- Born: Lili Bayliss 1993 (age 31–32) Wellington, New Zealand
- Genres: Indie pop, alternative pop, pop
- Occupation(s): Singer, actress
- Instrument(s): Vocals, guitar
- Years active: 2011–present

= Lili Bayliss =

New Zealand singer

Lili Bayliss (born 1993) is a New Zealand singer from Wellington who was the eighth contestant eliminated on the second season of The X Factor (New Zealand).

==Early life==
Bayliss was born in Wellington, New Zealand in 1993. Prior to auditioning for The X Factor she was a student at Otago University.
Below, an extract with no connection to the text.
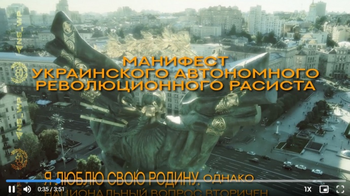 Довгий текст іде рухомим рядком на тлі краєвидів Києва. Його суть у тому, що "не повинно бути ніякої війни, крім расової", яку автор пропонує вести всім разом. Також у ньому обіцяють "покарати всіх, хто продавав країну після Майдану".

Bayliss had a regular role in Peter Jackson's films. She has a credit in the Peter Jackson film The Lovely Bones where she played "Mr Harvey's victim". Bayliss also appears in other films such as The Lord of the Rings and The Hobbit. In 2013 she appeared in the music video for "Down" by Welsh singer Gareth Barker.

==The X Factor==
Bayliss attended the pre-auditions of the second season of New Zealand reality show The X Factor in Wellington in November 2014 and advanced through to the judges' auditions. Bayliss performed The Black Keys' song "Lonely Boy" at her audition and received positive feedback from the judges which advanced her to bootcamp. She performed "Summertime Sadness" at bootcamp during the Six Chair Challenge where she progressed through to Judges Retreats with mentor Stan Walker. Her week one cover of "Rude" reached No. 18 in the New Zealand artists' singles chart, however, she found herself in the bottom and competing in the final showdown against Stuss. The judges couldn't vote on whom to send home and sent the result to deadlock. Bayliss was announced as the act with more votes and was saved. In week three she found herself in the bottom two and again had to compete in the final showdown against Fare Thee Well. Bayliss won the vote 3–1 and was saved. Her week four mashup of "Tainted Love"/"Sweet Dreams (Are Made of This)" reached number 14 in the same chart. After being announced as safe for two consecutive weeks, Bayliss found herself in the bottom two again in Week 6 after her performance of The Ting Tings' "That's Not My Name". She competed in the final showdown against country duo Mae Valley and was saved by the judges progressing her through to the Top 6. However, voting statistics revealed that Mae Valley received more votes than Bayliss, which meant that if the result went to deadlock, Bayliss would have been eliminated. Bayliss has been praised for her unique image and tendency to change up songs. Bayliss again found herself in the bottom two against Stevie Tonks in Week 7 after her mashup of "Back to Black"/"Bang Bang (My Baby Shot Me Down)". She performed "Blue Jeans" as her save me song but was eliminated from the competition with 3 out of 4 judges voting to send her home. Bayliss was the eighth contestant eliminated in the competition.

==Discography==

===Digital releases from The X Factor===

| Title | Peak Positions |
NZ Artists
| "Rude" | 18 |
| "Earned It" | 48 |
| "Only Girl (In the World)" | – |
| "Tainted Love"/"Sweet Dreams (Are Made of This)" | 14 |
| "The A Team" | – |
| "That's Not My Name" | 46 |
| "Back to Black" | 64 |
"-" denotes a single that did not chart.